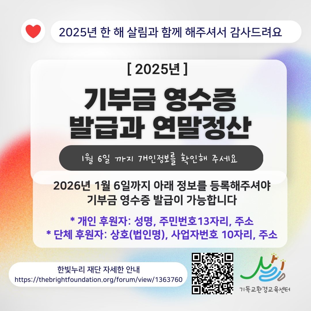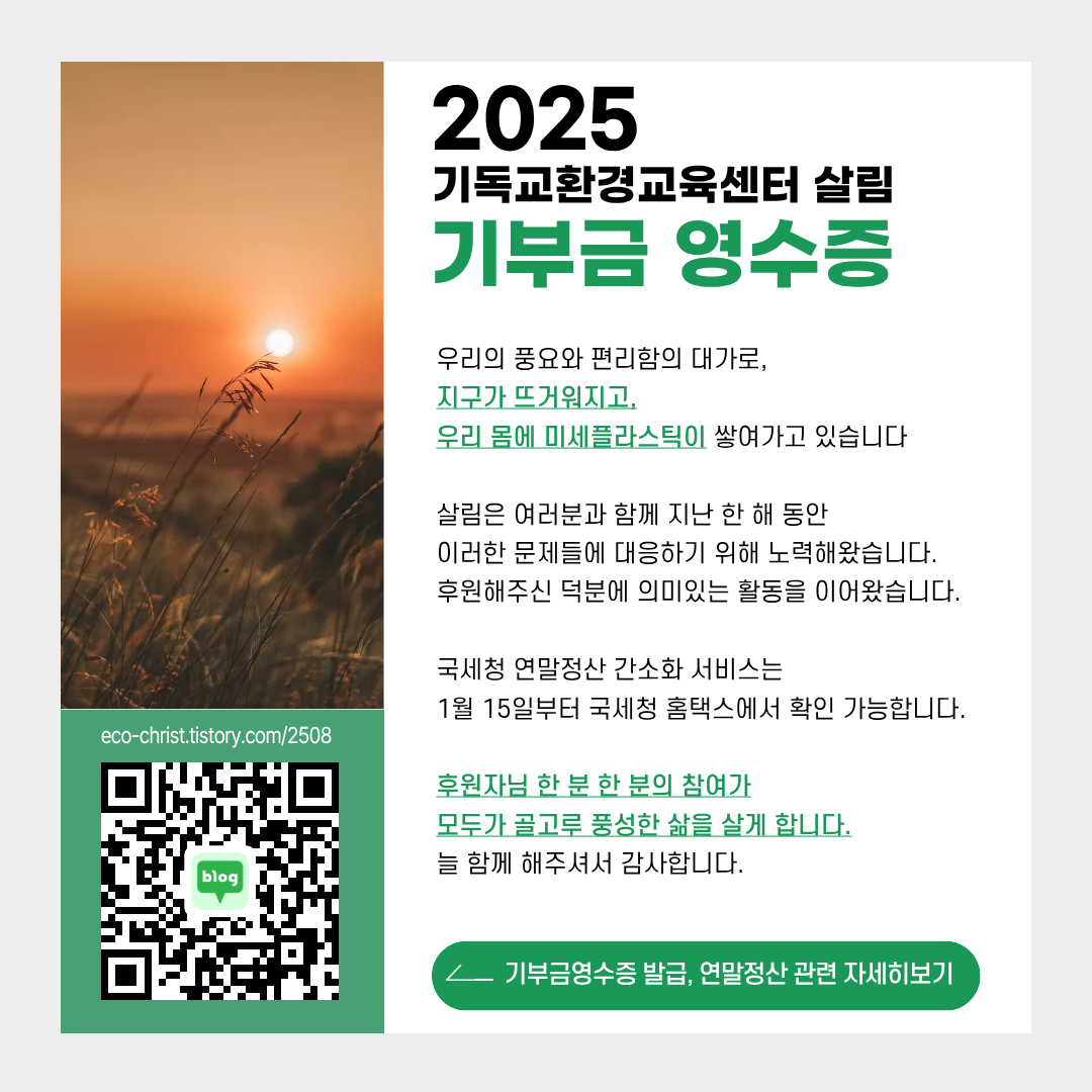 기독교환경교육센터 살림 후원하기 : https://online.mrm.or.kr/E5CQi7a
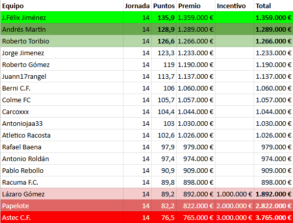Vamos con el resumen de los enfrentamientos de la jornada 14. En esta jornada ya no tenemos partidos aplazados:
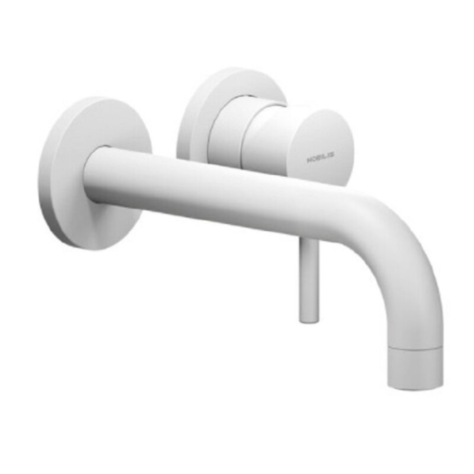 Настенный смеситель для раковины - внешняя часть (белый матовый). Ограничитель напора с торможением на 50%. Аэратор с защитой против известковых отложений M 22 x 1. Длина излива 150 мм. Без сливного набора. Дополнительно необходимо приобретать внутренний механизм WE00198 - в комплект поставки не входит.
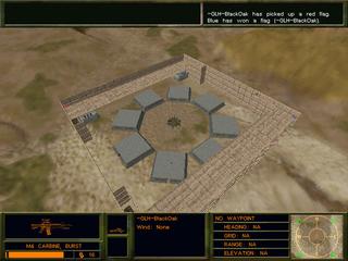 You start out below a platform and there is a spiral 'staircase' that u take up to the platform. There is a pit of stakes inbetween red and blue bases underneath the armory wich is in the midde on a raised platform that you have to take another little 'staircase' to get into. The flag is in the middle as with my other two maps. This is a CQC map. This isnt my best map but it is by far my funnest to play. (Is that correct funnest or is it most fun?lol)[Btw in case u wer wondering ~GLH~BlackOak, ~BOA~Manargra, and ~GLH~Manargra are all the same person....] Have fun and pls rate and comment!
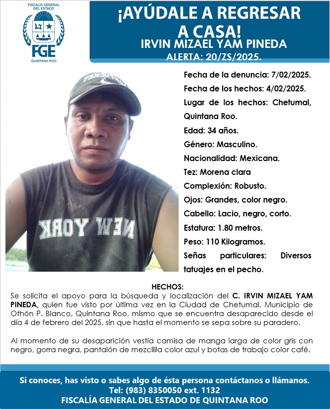 Chetumal, 8 de febrero.- La Fiscalía General del Estado de Quintana Roo emitió una ficha de búsqueda con el identificativo 20/ZS/2025 para localizar a Invin Mizael Yam Pineda, un hombre de 34 años desaparecido en la ciudad de Chetumal el pasado 4 de febrero de 2025.
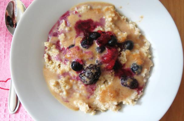 Put your oatmeal in your bowl, top with berries and peanut butter mixture.
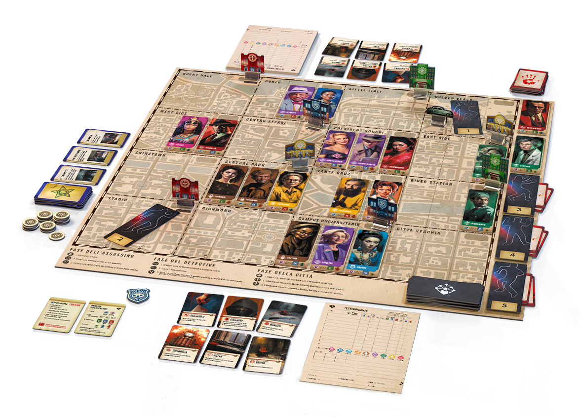 Il detective, invece, dovrà raccogliere prove, interrogare i testimoni e formulare domande mirate su età, corporatura, sesso e statura del colpevole. Attraverso sorveglianza, trappole e sottili giochi mentali, cercherà di smascherare l’assassino prima che completi il suo piano. La partita si sviluppa in un massimo di 6 round, in un crescendo di tensione che culmina nello scontro finale tra le due fazioni.
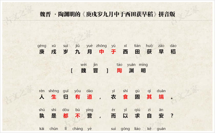 拼音全文:(我们坚持对每一篇古诗文进行人工查证并注音、我们亲自查证并回复来自您的每一次纠错,只为给您一份更为准确的拼音版本,请记住我们:古文之家)
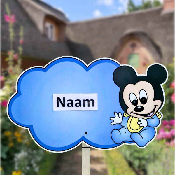 Geboortebord tuin Baby Mickey Mouse op wolkje
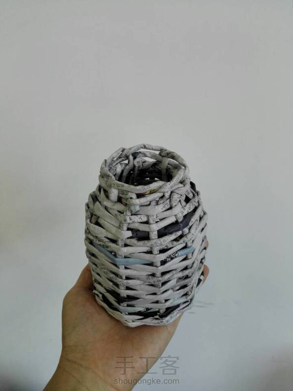 又用报纸编织了一个花瓶,插上用皱纸做的粉色郁金香,超级温馨(^_^)

☆ ☆ ☆ ☆

### Task item
Images should not appear in the copy; retype the listing above exactly.

### Output of the task
 기독교환경교육센터 살림 후원하기 : https://online.mrm.or.kr/E5CQi7a
Vamos con el resumen de los enfrentamientos de la jornada 14. En esta jornada ya no tenemos partidos aplazados:
 Настенный смеситель для раковины - внешняя часть (белый матовый). Ограничитель напора с торможением на 50%. Аэратор с защитой против известковых отложений M 22 x 1. Длина излива 150 мм. Без сливного набора. Дополнительно необходимо приобретать внутренний механизм WE00198 - в комплект поставки не входит.
 You start out below a platform and there is a spiral 'staircase' that u take up to the platform. There is a pit of stakes inbetween red and blue bases underneath the armory wich is in the midde on a raised platform that you have to take another little 'staircase' to get into. The flag is in the middle as with my other two maps. This is a CQC map. This isnt my best map but it is by far my funnest to play. (Is that correct funnest or is it most fun?lol)[Btw in case u wer wondering ~GLH~BlackOak, ~BOA~Manargra, and ~GLH~Manargra are all the same person....] Have fun and pls rate and comment!
 Chetumal, 8 de febrero.- La Fiscalía General del Estado de Quintana Roo emitió una ficha de búsqueda con el identificativo 20/ZS/2025 para localizar a Invin Mizael Yam Pineda, un hombre de 34 años desaparecido en la ciudad de Chetumal el pasado 4 de febrero de 2025.
 Put your oatmeal in your bowl, top with berries and peanut butter mixture.
 Il detective, invece, dovrà raccogliere prove, interrogare i testimoni e formulare domande mirate su età, corporatura, sesso e statura del colpevole. Attraverso sorveglianza, trappole e sottili giochi mentali, cercherà di smascherare l’assassino prima che completi il suo piano. La partita si sviluppa in un massimo di 6 round, in un crescendo di tensione che culmina nello scontro finale tra le due fazioni.
 拼音全文:(我们坚持对每一篇古诗文进行人工查证并注音、我们亲自查证并回复来自您的每一次纠错,只为给您一份更为准确的拼音版本,请记住我们:古文之家)
 Geboortebord tuin Baby Mickey Mouse op wolkje
 又用报纸编织了一个花瓶,插上用皱纸做的粉色郁金香,超级温馨(^_^)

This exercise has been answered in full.